И вот снова. Тучи – две туши, – ровно аспидные быки, упираются рогами, никоторая не желает уступать. Нет для двоих места на беспредельном небесном ристалище! Что их может разъять, так не иначе токмо удар громобоя, небесная секира пророка Ильи. Ба-ба-а-а-ах! – раздается обвальный грохот, аукаясь по вселенной.
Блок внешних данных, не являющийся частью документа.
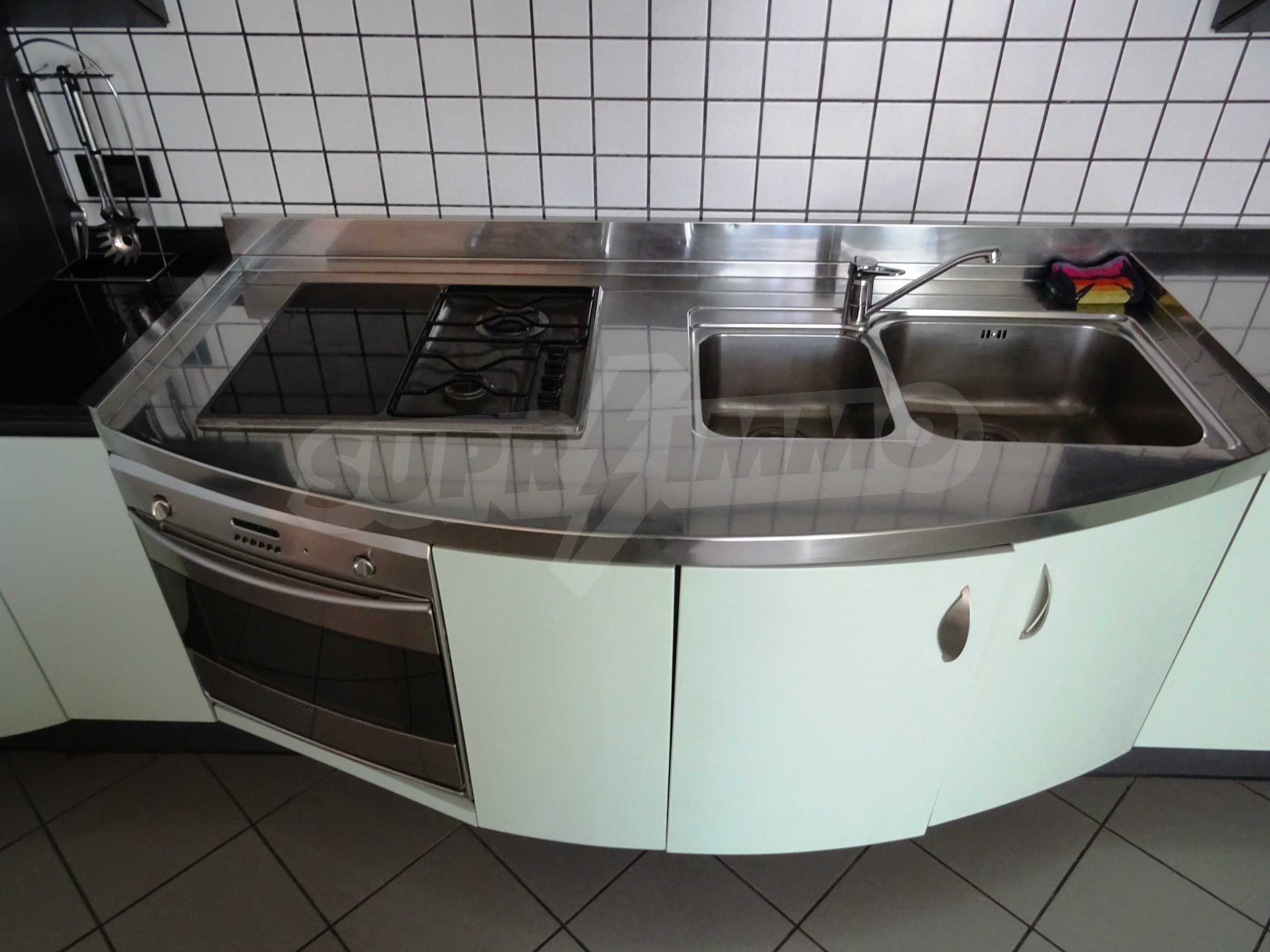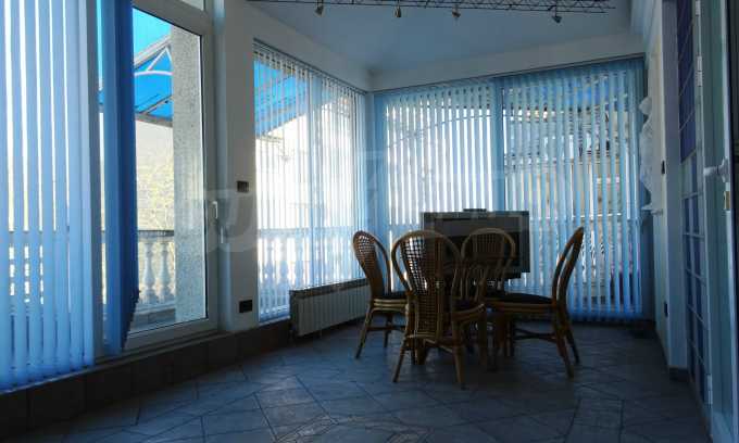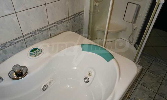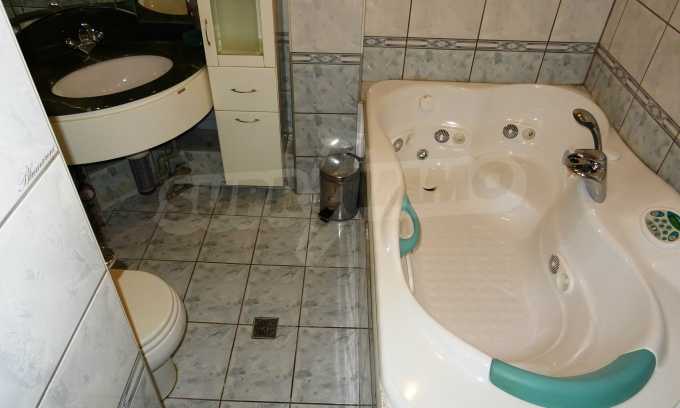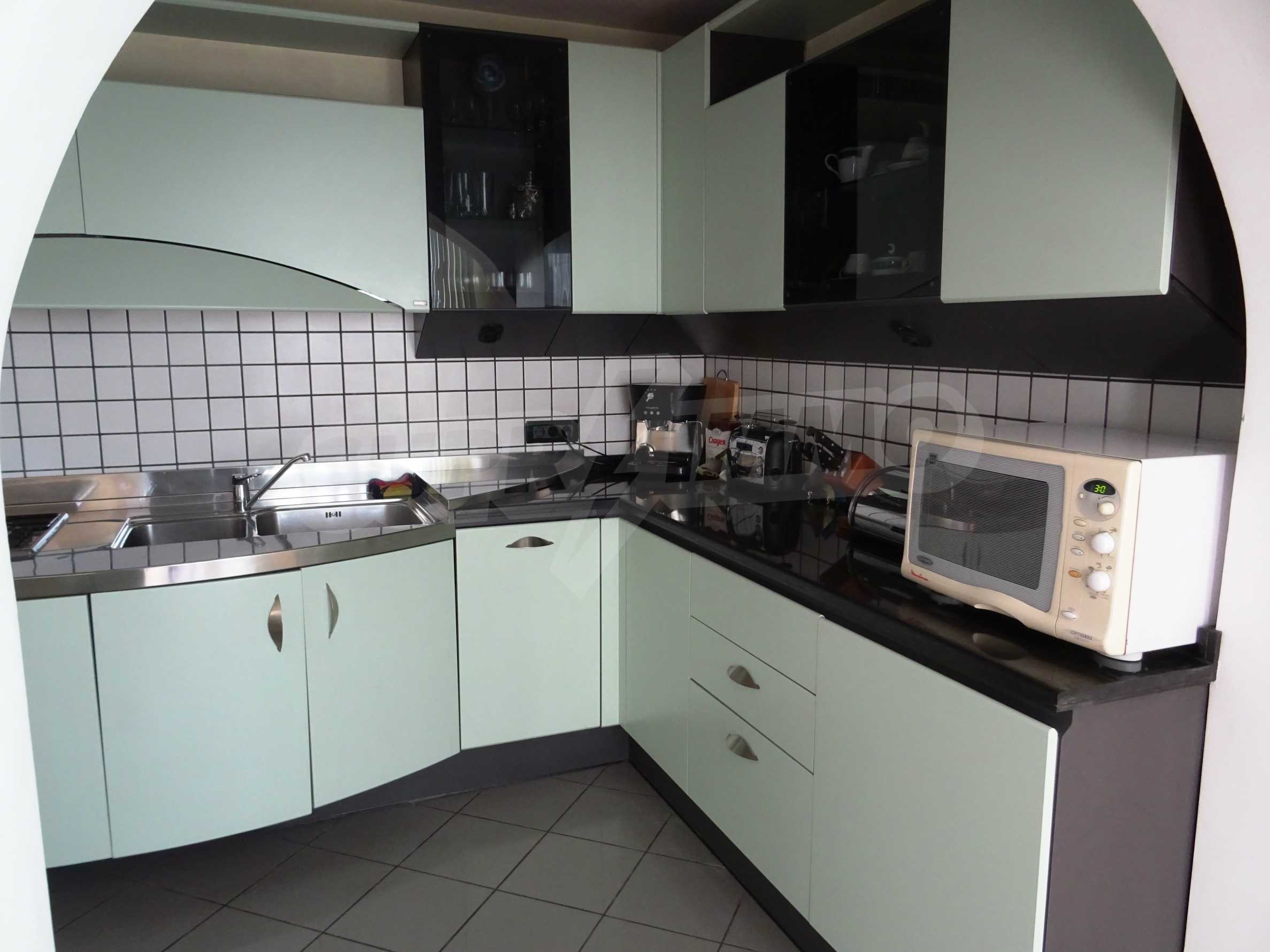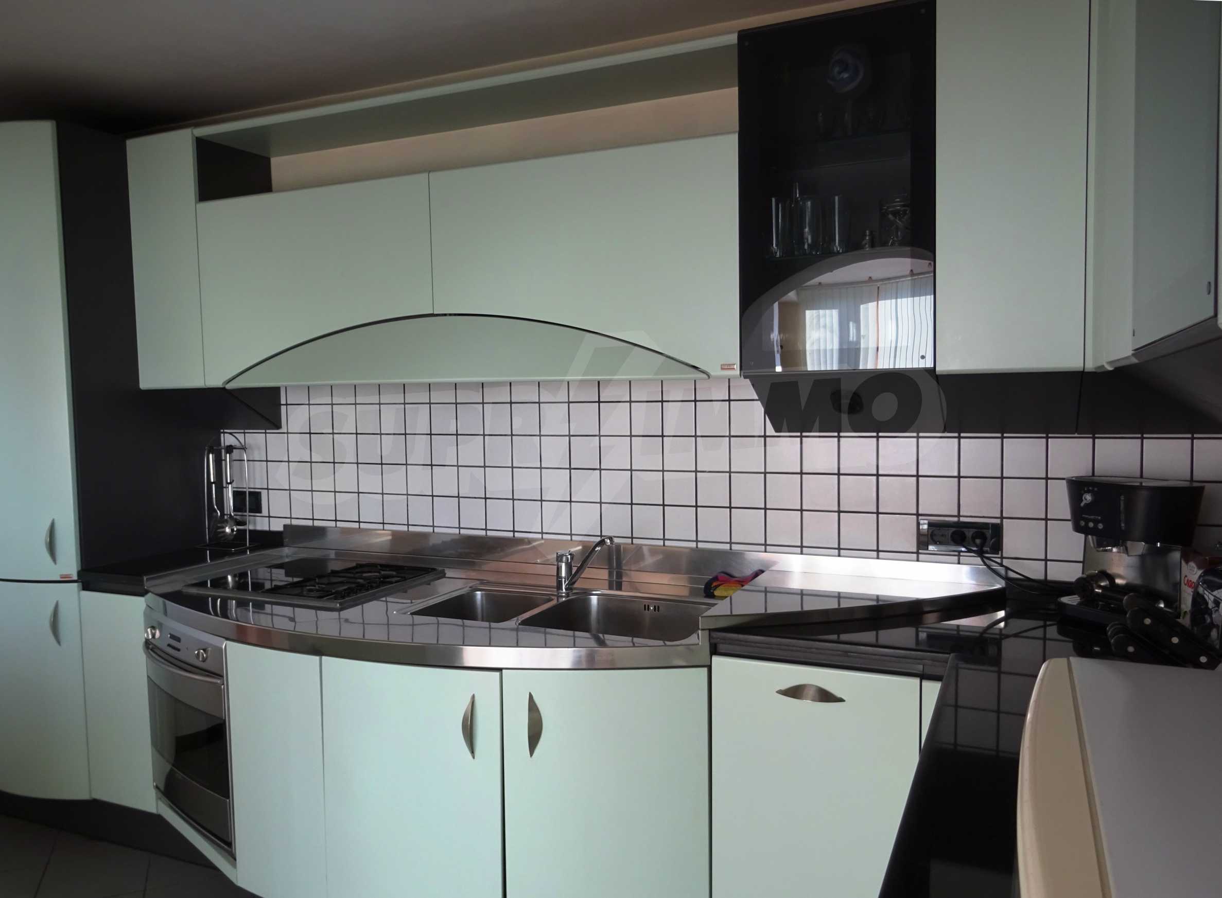 On an area of 173 sq.m, there is a spacious living room with kitchenette and breathtaking views to the sea and the Greek district, master bedroom with winter garden and a terrace, children's room with two single beds and a balcony, bathroom with Jacuzzi and shower cabin, toilet, laundry room and boiler room and a hallway.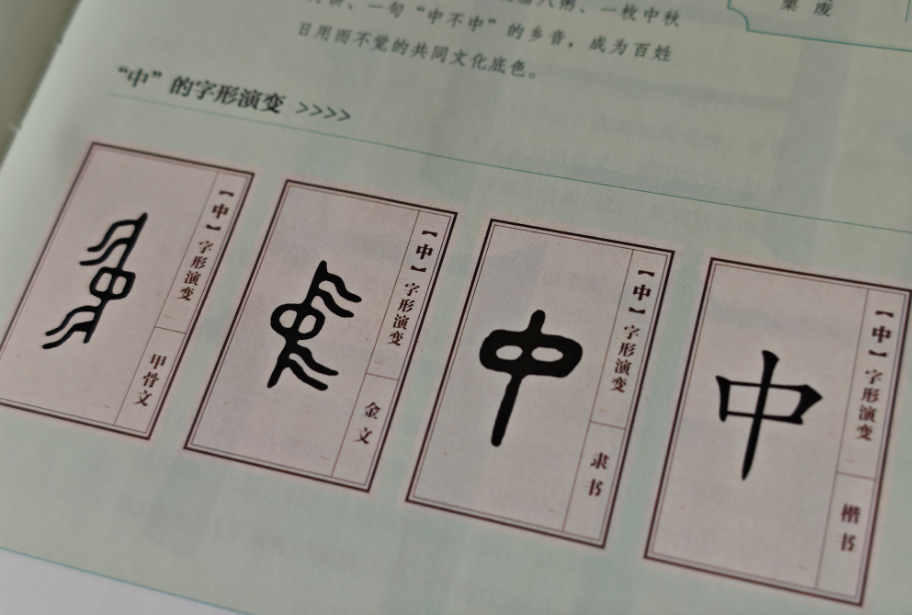 “‘中’字最早的时候,是在木杆的中间画了一个小圈,作为一个指示性的符号,表示居中的位置。”严志斌解释道,“《尚书》里所说‘允执厥中’的概念就是这么来的”。

А перед тем – за миг – не то лезвие топора, не то перекрестье белых рогов, не то трескучая щепина, выдранная из небесной плахи, с которой уже, сдается, катятся бычьи головы…

До чего могутная картина разверзается перед очами! Мужики-плотники, торопливо крестясь, поспешно трусят в поисках схорона. А Михайла в восторге пучит глаза да потрясает кулаком: о-о, это то, чего он так жаждал, что ему любо!

Не выпуская из рук топора, Ломоносов вбегает по шаткому трапику в проруб дверей и по зыбкому черновому настилу торопится в угловую горенку – именно здесь подвешена счастливая подкова, над которой провисает кусок парусины. Выглядывая в оконный проруб, Михайла устремляет взгляд на сосну. Деревину потряхивает, но трясет не ветром, а, не иначе, знобкой небесной силой – ведь ближняя от нее сосна, такая же размером, не мечется и не стенает.

Окрестности деревни в сумраке. Внутри сруба морок. Все притихло перед новым обвалом грома. Только шумит не переставая обложной дождь. И тут сквозь этот шмелиный шум доносится ломкий шелест и треск. Так бывает, когда в паутине бьется мотылек. Оторвавшись от проруба, Михайла кидает взгляд на подкову. То не мотылек в тенетах. То железная подкова озаряется бегучим синеватым мерцанием, словно облепили ее бабочки-голубянки. Ломоносов, не мешкая, бросается к сполоху. Запах озона раздувает его ноздри. Он до головокружения тянет и тянет этот дух, норовя, кажется, вместе с озоном втянуть в грудные мехи и электрическую пыльцу, что трепещет на крыльцах небесных бабочек.

Новый раскат грома. Подкова снова озаряется гальваническим светом. Завороженный Михайла не отрывает от нее глаз – так в детстве, бывало, часами любовался северным сиянием: сполохи лучились, до слуха доносилось шелестение небесных сфер. А тут? Михайла замирает, весь обратившись в слух. Подкова гудит. Он явственно слышит какие-то звуки. Небесное электричество превращается в звукоряд. И уже чудится: то не подкова трепещет от гальванического тока – то невидимый Орфей с видимой лирой в руках доносит какую-то дивную, доселе не слыханную музыку.

Снова вспышка, снова гром и прилив небесного электричества. В безрассудном и в то же время осознанно-испытующем порыве Михайла выкидывает вперед руку, в ней – топор. Железный топор – первостатейный мужицкий инструмент – вспыхивает бегучим сиянием и в союзе с подковой, похоже, обращается в пукет сирени. Топорище едва не дымится.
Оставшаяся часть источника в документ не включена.